━━ PROVIDED ENTRIES ━━

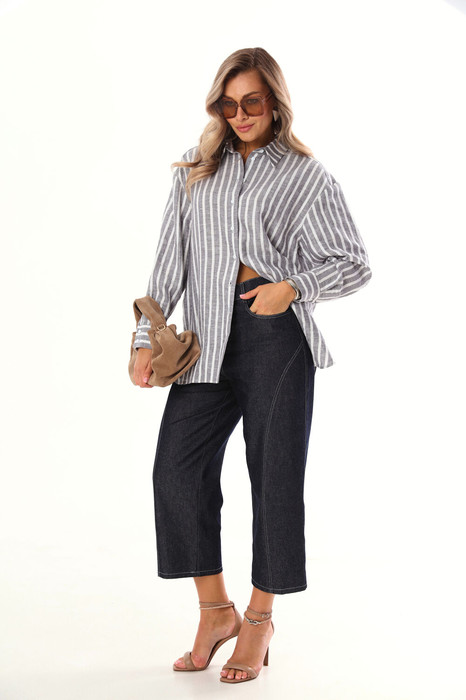 Брюки капри, зауженные и укороченные к низу, выполнены из джинсовой ткани. По переду и сзади расположены карманы. Застежка на пуговицу и молнию.
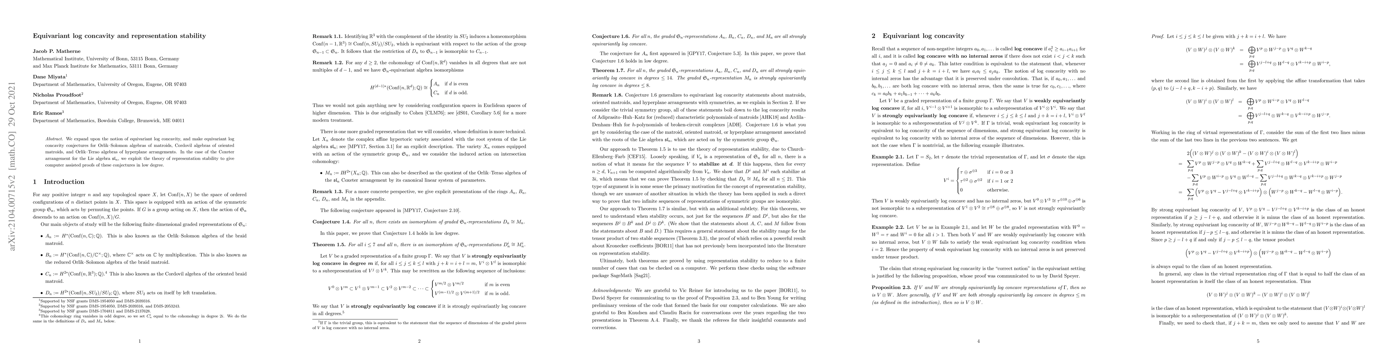 We expand upon the notion of equivariant log concavity, and make equivariant log concavity conjectures for Orlik--Solomon algebras of matroids, Cordovil algebras of oriented matroids, and Orlik--Terao algebras of hyperplane arrangements. In the case of the Coxeter arrangement for the Lie algebra $\mathfrak{sl}_n$, we exploit the theory of representation stability to give computer assisted proofs of these conjectures in low degree.
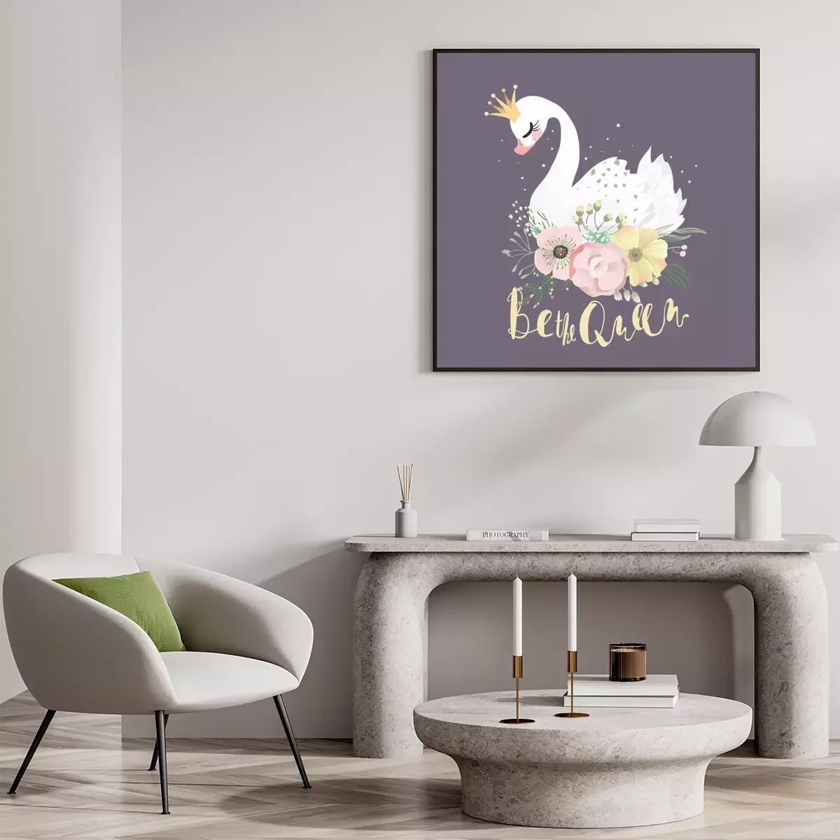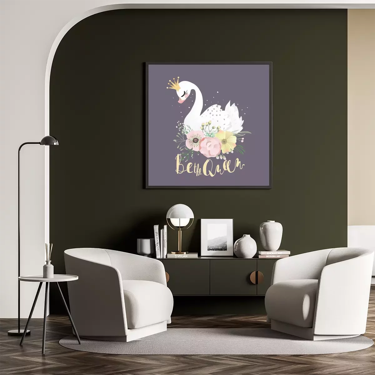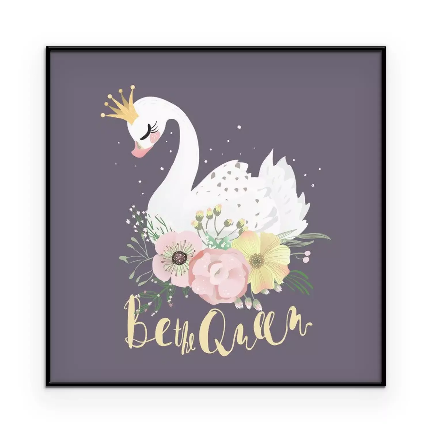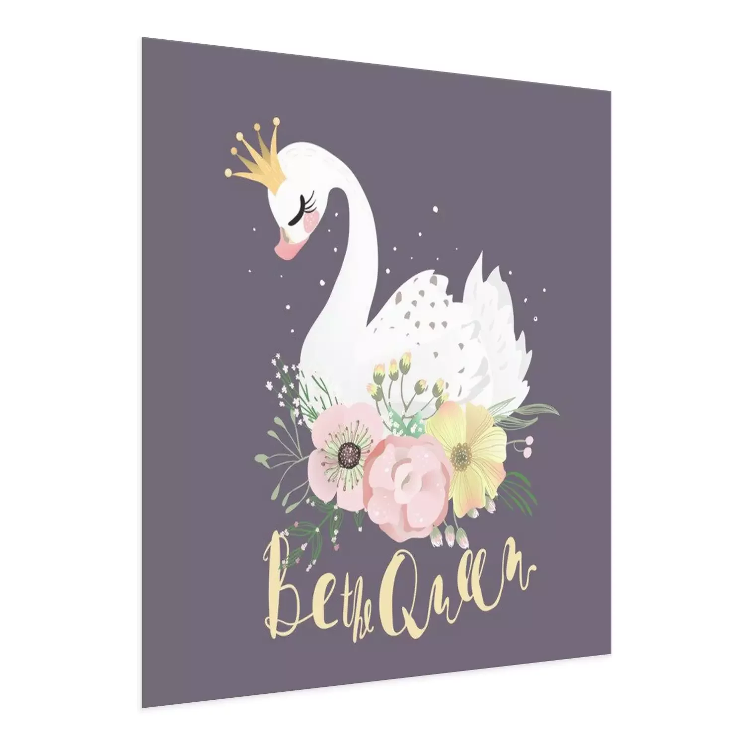 Poster: Schwan in einer Krone auf bunten Blumen
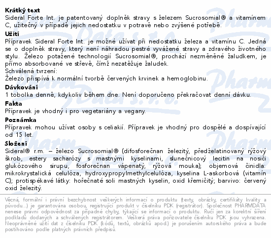 Sideral Forte Int. je patentovaný doplněk stravy s železem Sucrosomial® a vitamínem C, užitečný v případě jejich nedostatku v potravě nebo zvýšené potřebě.
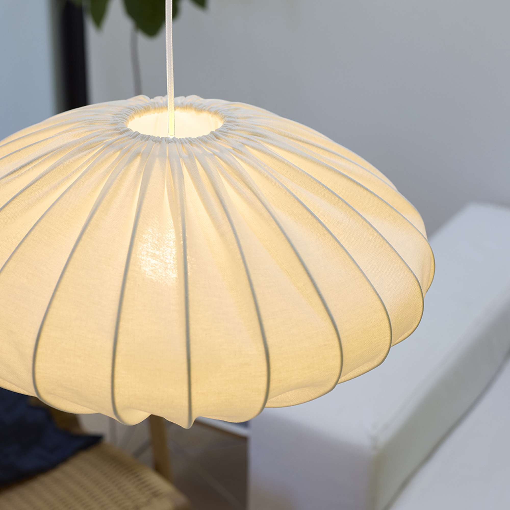 Jasmin Stofpendel Ø50 cm i hvid med hvid stofledning er den perfekte belysningsløsning til dit hjem. Denne stilrene lampe kombinerer et elegant design med funktionalitet og skaber en varm atmosfære i ethvert rum. Med en højde på 26 cm og en diameter på 50 cm passer den ideelt over spisebordet, i stuen eller i entréen, hvor den vil tiltrække opmærksomhed.
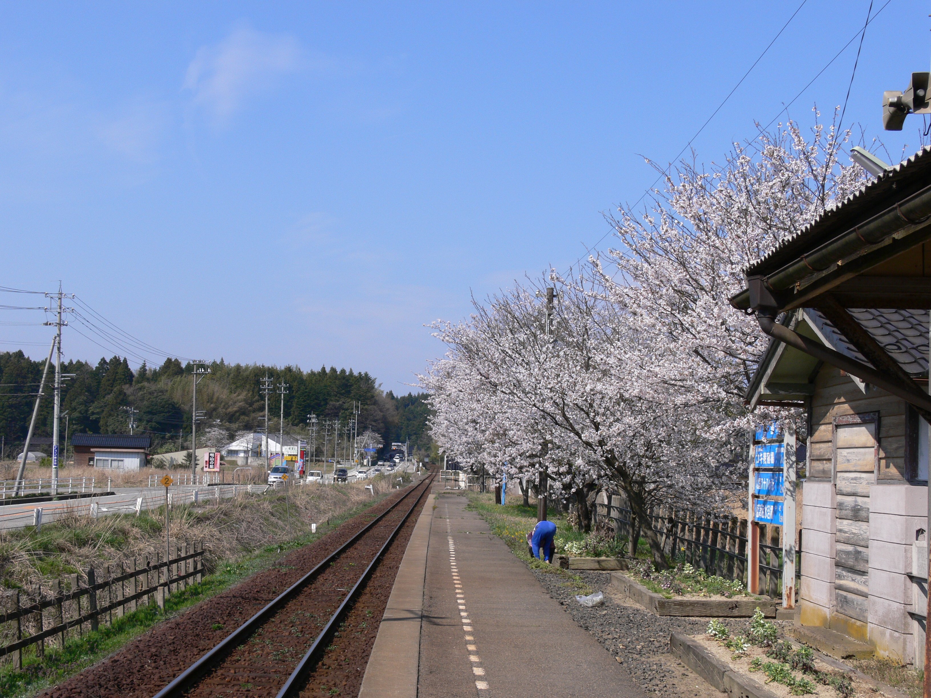 | 笠師保駅ホームに咲く桜 |
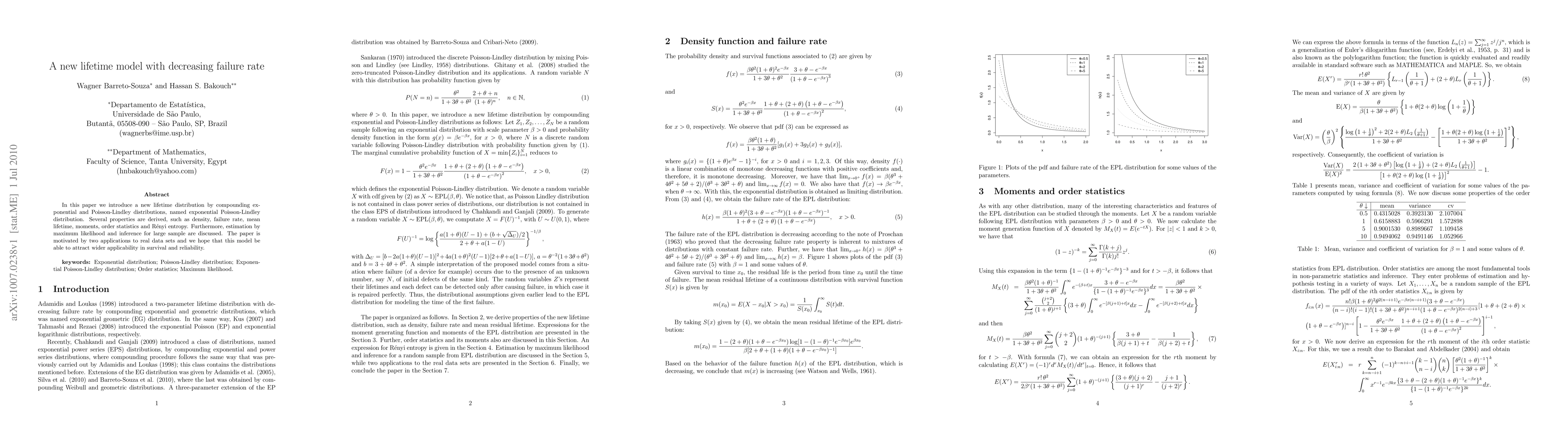 A new lifetime distribution called the exponential Poisson-Lindley distribution is introduced, combining elements of exponential and Poisson-Lindley distributions to model decreasing failure rates. The paper explores its properties, estimation methods, and potential applications in survival and reliability analysis.

━━━

*EXERCISE OBJECTIVE:* With pictures omitted, restate word for word every line above from the one containing "Poster: Schwan in" to the end of the entries.

*ANSWER SECTION:*
 Poster: Schwan in einer Krone auf bunten Blumen
 Sideral Forte Int. je patentovaný doplněk stravy s železem Sucrosomial® a vitamínem C, užitečný v případě jejich nedostatku v potravě nebo zvýšené potřebě.
 Jasmin Stofpendel Ø50 cm i hvid med hvid stofledning er den perfekte belysningsløsning til dit hjem. Denne stilrene lampe kombinerer et elegant design med funktionalitet og skaber en varm atmosfære i ethvert rum. Med en højde på 26 cm og en diameter på 50 cm passer den ideelt over spisebordet, i stuen eller i entréen, hvor den vil tiltrække opmærksomhed.
 | 笠師保駅ホームに咲く桜 |
 A new lifetime distribution called the exponential Poisson-Lindley distribution is introduced, combining elements of exponential and Poisson-Lindley distributions to model decreasing failure rates. The paper explores its properties, estimation methods, and potential applications in survival and reliability analysis.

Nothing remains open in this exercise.